Michael Coté: It’s kind of like air diagrams: it sounds like essentially you’re hosting the – I always call it the “brains,” but – sort of the central part of the monitoring platform somewhere in the cloud or on your servers and essentially someone might have stuff behind the firewall they want to monitor and so there’s agents that they download or some little piece of software depending on if its agent or agentless.
Phil Fritz: Right.
Michael Coté: But there is a piece of software that they download behind their firewall that basically talks to the “brains” in the cloud if you will.
Phil Fritz: So there’s three essential services we offer as part of Tivoli Live Monitoring services, so you described two of them very well. There’s what we call out “touchless” or “agentless” service, which is our technology for downloading a data collector that can reside in your environment, but we don’t have to touch or reside on every single server. We collect data, really availability information more than anything else, things that are available natively the operating system or a network device you are trying to monitor.
So from a customer perspective, you only really need to download one thing and they have pretty good visibility – is it up, is it down, back in to he service.
The second service we offer is our Distributed Monitoring Services and those already using the agent-based technology. The difference there is that we do have to deploy those agents of data collectors on each device you want to monitor. The benefit is you get much richer set of data, much deeper information that you would that while using the agentless as well as you get the ability to automate.
So you can actually take actions on the computer. So if it is something like deleting temp files to make more capacity available on that machine or actually recycling that machine to – use that time auto condition if it’s not working in –
Michael Coté: I always call it the “problem fix.”

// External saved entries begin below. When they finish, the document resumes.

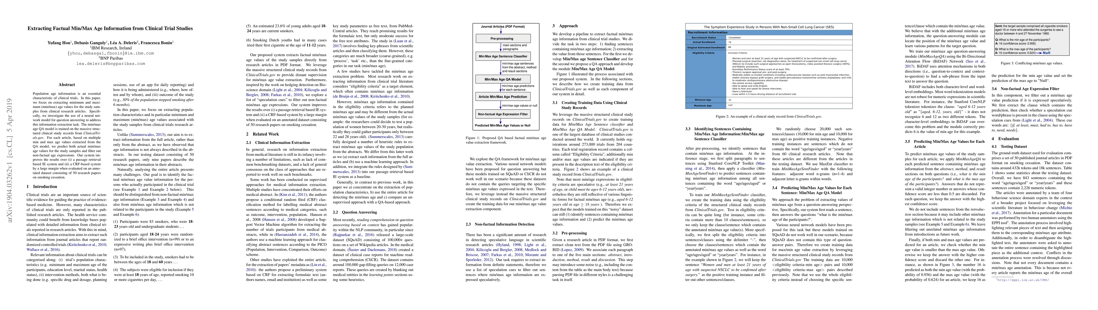 Population age information is an essential characteristic of clinical trials. In this paper, we focus on extracting minimum and maximum (min/max) age values for the study samples from clinical research articles. Specifically, we investigate the use of a neural network model for question answering to address this information extraction task. The min/max age QA model is trained on the massive structured clinical study records from ClinicalTrials.gov. For each article, based on multiple min and max age values extracted from the QA model, we predict both actual min/max age values for the study samples and filter out non-factual age expressions. Our system improves the results over (i) a passage retrieval based IE system and (ii) a CRF-based system by a large margin when evaluated on an annotated dataset consisting of 50 research papers on smoking cessation.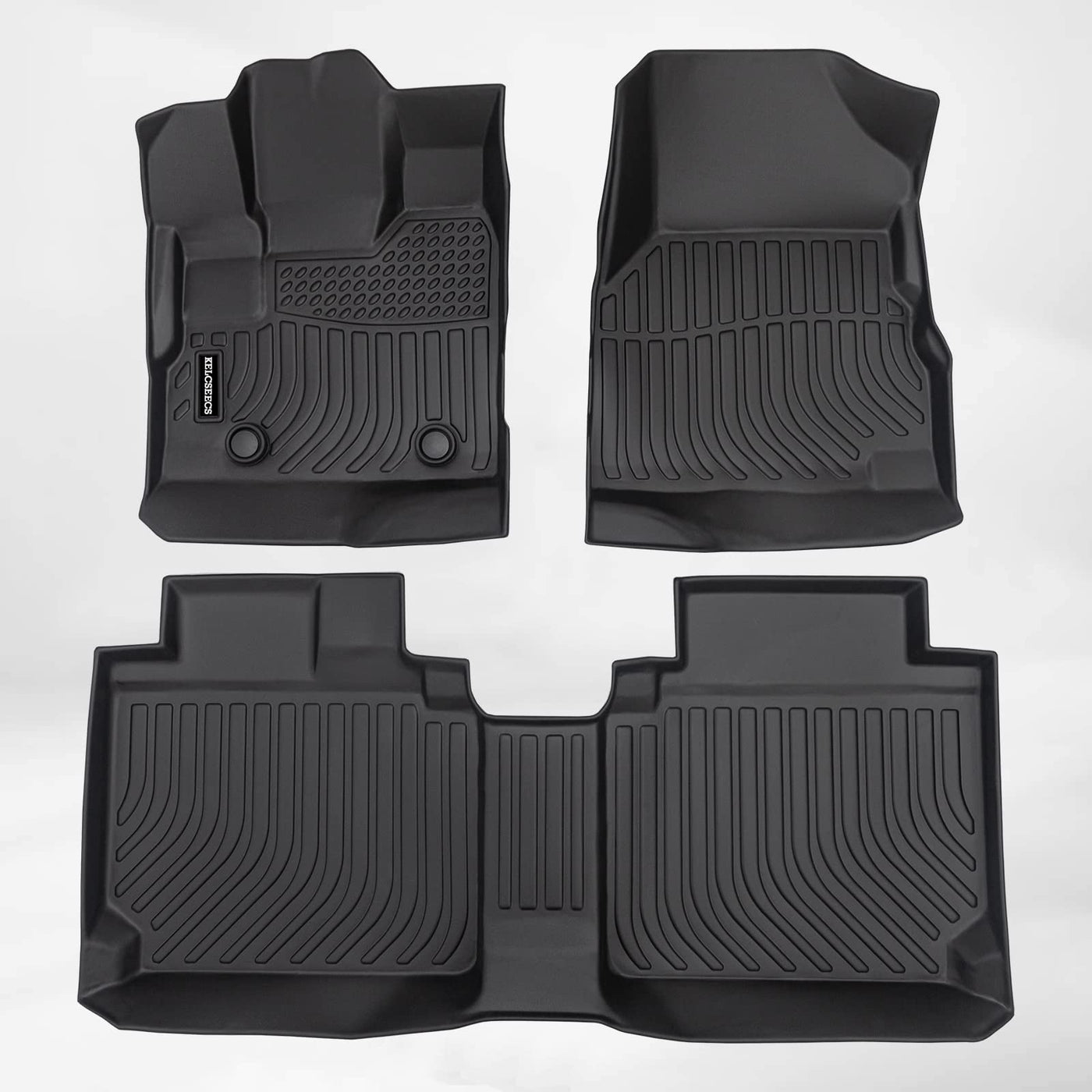 Q: How do I clean the KELCSEECS floor mats?A: Cleaning the KELCSEECS floor mats is easy. Simply rinse them with water and wipe them down to remove dirt and debris, thanks to their 3D textured design that helps intercept dirt.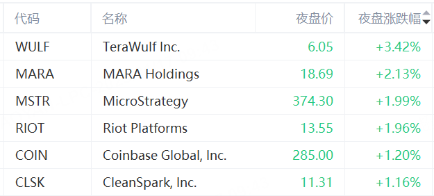本周五(1月17日)美股夜盘时段,比特币再度站上10.1万美元,概念股普涨, TeraWulf Inc. 涨超3%, MARA Holdings 涨超2%, MicroStrategy 、 Riot Platforms 涨近2%: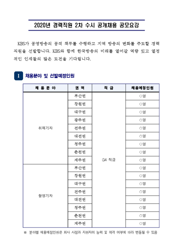 2020년 경력직원 2차(취재/촬영기자) 수시 공개채용 (~1월 20일) 작성자qoiewfallkj|작성시간20.01.15|조회수5,745 목록 댓글 0 글자크기 작게가 글자크기 크게가 2020년 경력직원 2차 수시 공개채용 공모요강.pdf지워졌길래 다시 올립니다. KBS채용 홈페이지에서 퍼왔습니다. 첨부파일첨부된 파일이 2개 있습니다. etc 파일 1.PNG 다운로드 pdf 파일 2020년 경력직원 2차 수시 공개채용 공모요강.pdf 다운로드 다음검색 현재 게시글 추가 기능 열기 북마크 공유하기 신고 센터로 신고 댓글 댓글 0 댓글쓰기 답글쓰기 댓글 리스트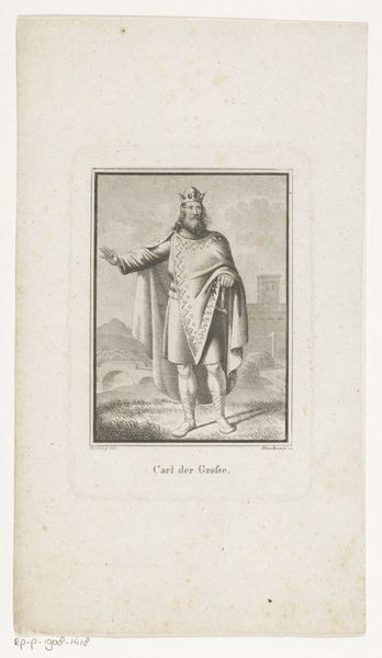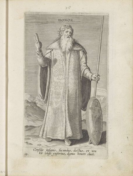 Philips Galle made this engraving called 'Vreze Gods' sometime before his death in 1612. Engraving is a printmaking technique where the artist carefully carves lines into a metal plate, inking the lines to transfer the image onto paper. The visual power of this image lies in Galle's mastery of line and tone through this printmaking process. Notice the intricate details in the figure's garments, the texture of his beard, and the subtle gradations of light and shadow. These are all achieved through the careful control of the engraving burin. What's remarkable is how a linear process can evoke material substance: the weight of the stone tablet, the fabric of the garments, the metallic gleam of the trumpet. In this way, the work exemplifies the capacity of printmaking to communicate far more than just visual information. It speaks to broader cultural values and beliefs about religion, law, and judgement that would have been circulating at the time the work was made. This reminds us of the importance of considering not just what an image represents, but how its very making informs its meaning.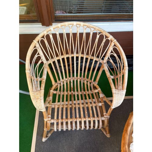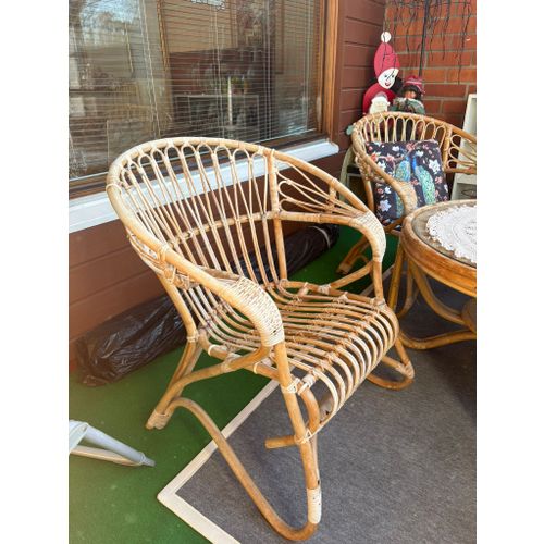 Parolan rottinki Lumikenkä chair. Has been on a glazed balcony. Condition as shown in the picture.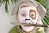2) Mal hvite buer over øynene, og mal munnen og hele området rundt hvitt.

Phil Fritz: – exactly, reboot, and restore. So anyway that’s the tradeoff, is that you do have to deploy them locally but you get much more powerful automation functionality out of that.
There is third service we call Performance Services, which is a tool that does historical reporting and analysis to help you with capacity planning.
Michael Coté: For people who are more familiar with Tivoli, how does GTS fit into this?
Phil Fritz: Well, GTS fits in to this in lots of interesting way. So for those that may not know Global Technology Services is what we refer to when we say GTS and they offer a variety of capabilities in the service management space. So they do consulting for you, so if you want to start your service management practice these are experts that can come in and help you identify which processes to automate and, obviously, love it if they use Tivoli to automate a lot of those processes.
But they also provide managed services, so that if you wanted IBM to take care of the infrastructure management of your IT we’ve got managed services to do that, to manage your servers, your storage, a lot of different pieces of your infrastructure.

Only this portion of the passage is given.